Start of INFORMATION SHOWN

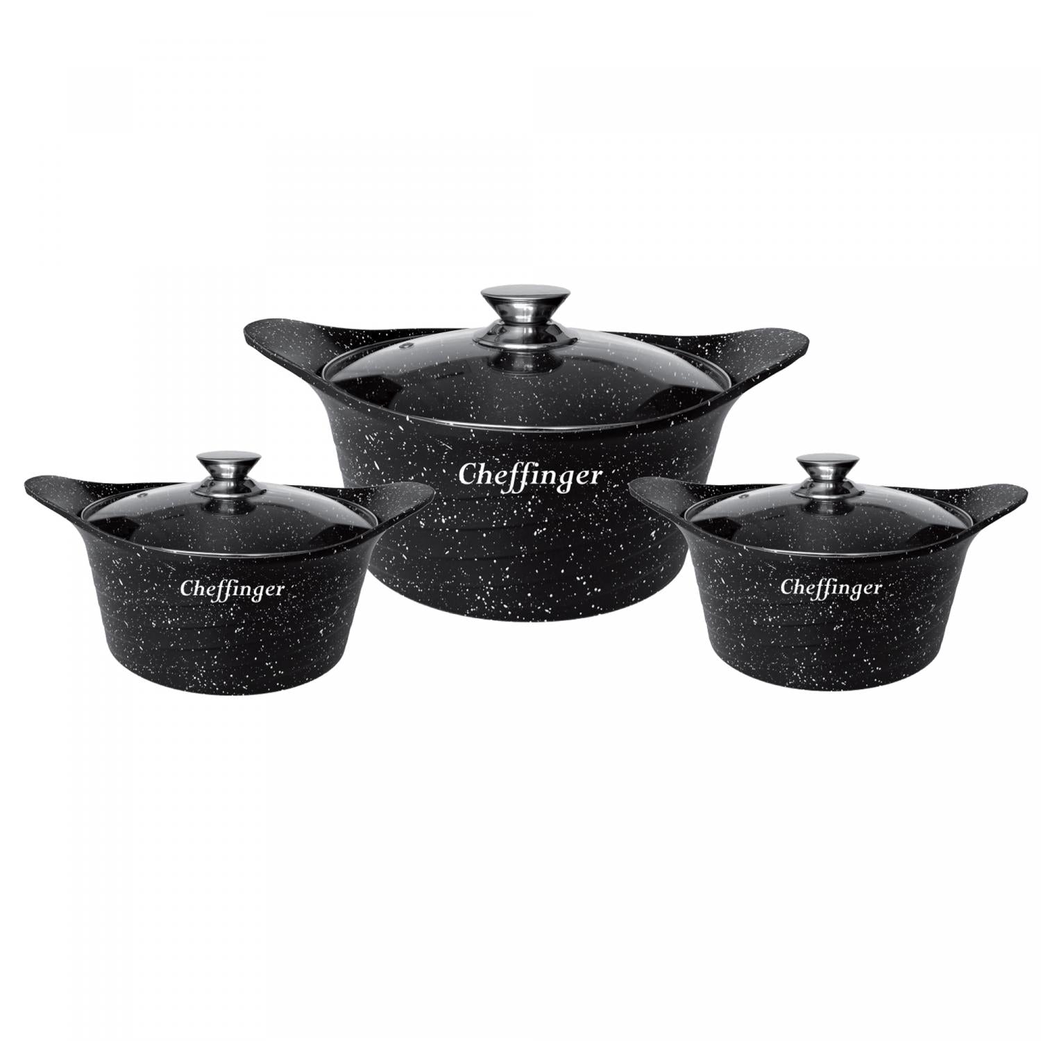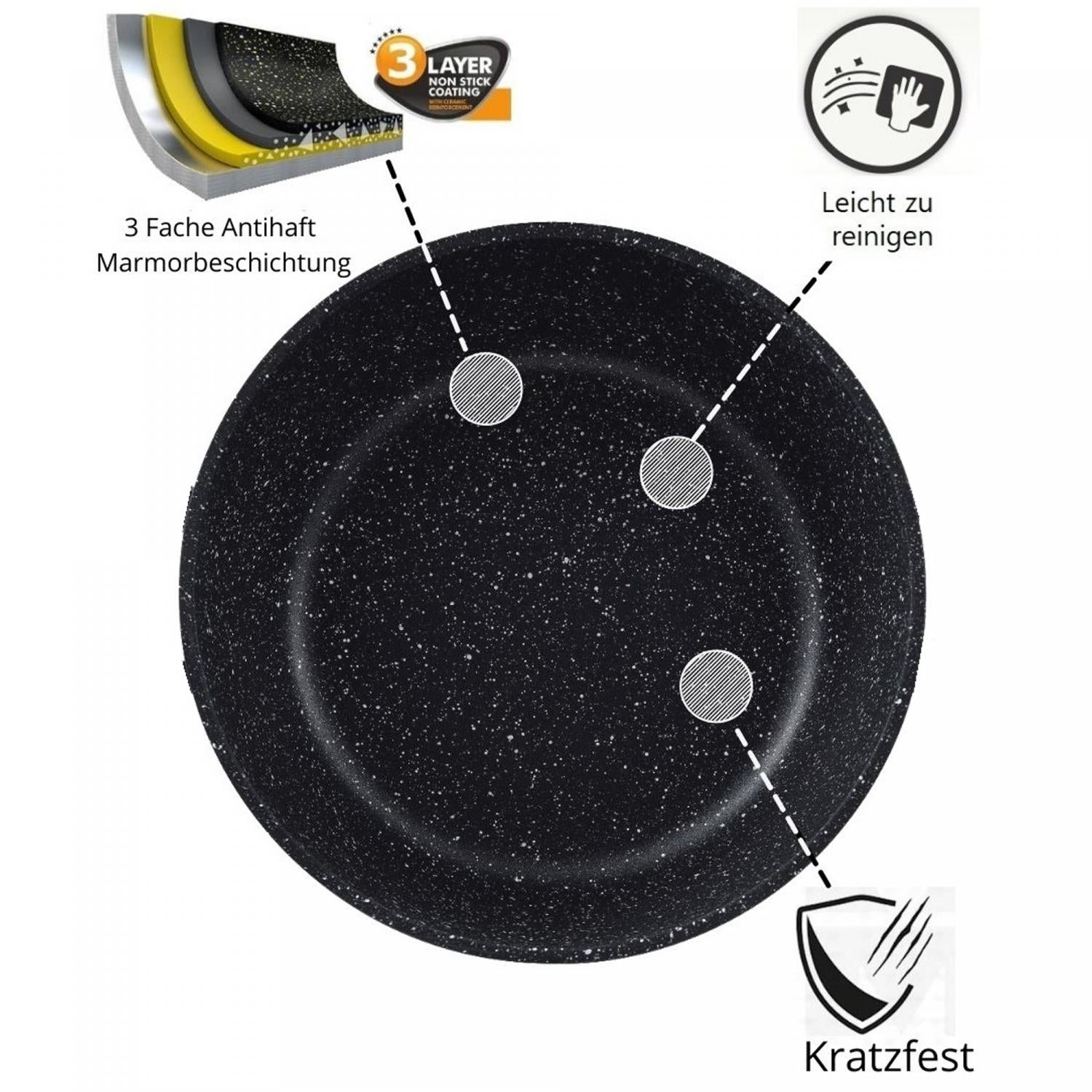 - De potten zijn gemaakt van gegoten aluminium en hebben een 3-laags marmeren coating.
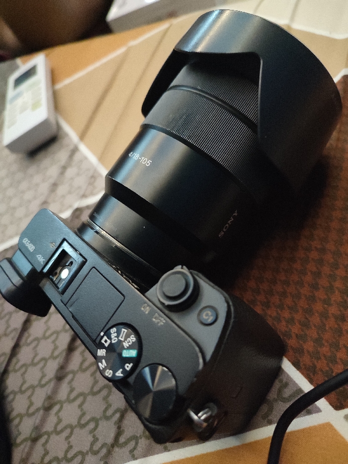 - "The scene depicts a black Sony ILCE-6400 mirrorless digital camera with a black Sony 4/18-105 lens and attached lens hood, resting diagonally on a patterned fabric surface" by FM-5oEUb2, licensed under CC BY 4.0
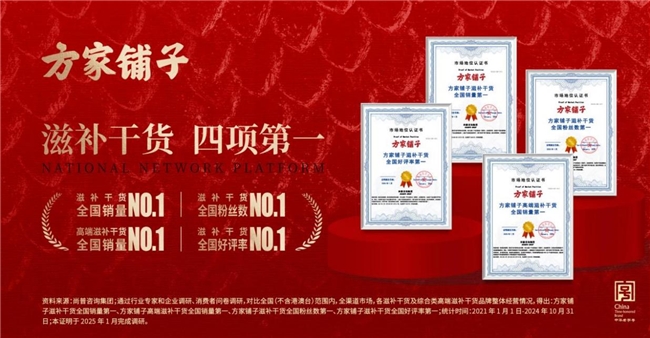 正是这份长期主义的笃定,赢得了一代又一代消费者的持续信赖。截至目前,方家铺子已累计服务超2000万家庭,收获超500万字真实用户好评,连续8年稳居京东滋补干货类目销量第一,斩获“滋补干货全国销量第一、滋补干货全国粉丝数第一、滋补干货全国好评率第一、高端滋补干货全国销量第一”等权威认证,成为品牌价值穿越周期的最好注解。
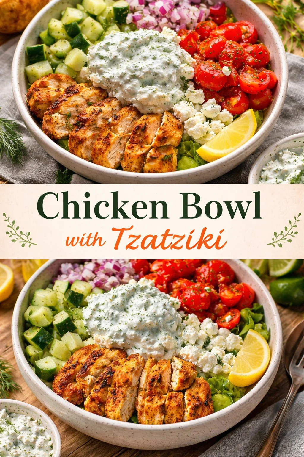 Imagine serving your gorgeous Chicken Bowl with Tzatziki alongside warm, fluffy pita bread and a light salad dressed with olive oil and balsamic vinegar. Pair it with a crisp white wine or a refreshing sparkling water infused with mint and lime for a festive meal. This dish is perfect for gatherings, outdoor picnics, or even a cozy family night at home.

End of INFORMATION SHOWN

» WHAT THIS TASK INVOLVES:
Drop the pictures and reproduce the rest of the data above exactly.

» RESPONSE TO THIS EXERCISE:
 - De potten zijn gemaakt van gegoten aluminium en hebben een 3-laags marmeren coating.
 - "The scene depicts a black Sony ILCE-6400 mirrorless digital camera with a black Sony 4/18-105 lens and attached lens hood, resting diagonally on a patterned fabric surface" by FM-5oEUb2, licensed under CC BY 4.0
 正是这份长期主义的笃定,赢得了一代又一代消费者的持续信赖。截至目前,方家铺子已累计服务超2000万家庭,收获超500万字真实用户好评,连续8年稳居京东滋补干货类目销量第一,斩获“滋补干货全国销量第一、滋补干货全国粉丝数第一、滋补干货全国好评率第一、高端滋补干货全国销量第一”等权威认证,成为品牌价值穿越周期的最好注解。
 Imagine serving your gorgeous Chicken Bowl with Tzatziki alongside warm, fluffy pita bread and a light salad dressed with olive oil and balsamic vinegar. Pair it with a crisp white wine or a refreshing sparkling water infused with mint and lime for a festive meal. This dish is perfect for gatherings, outdoor picnics, or even a cozy family night at home.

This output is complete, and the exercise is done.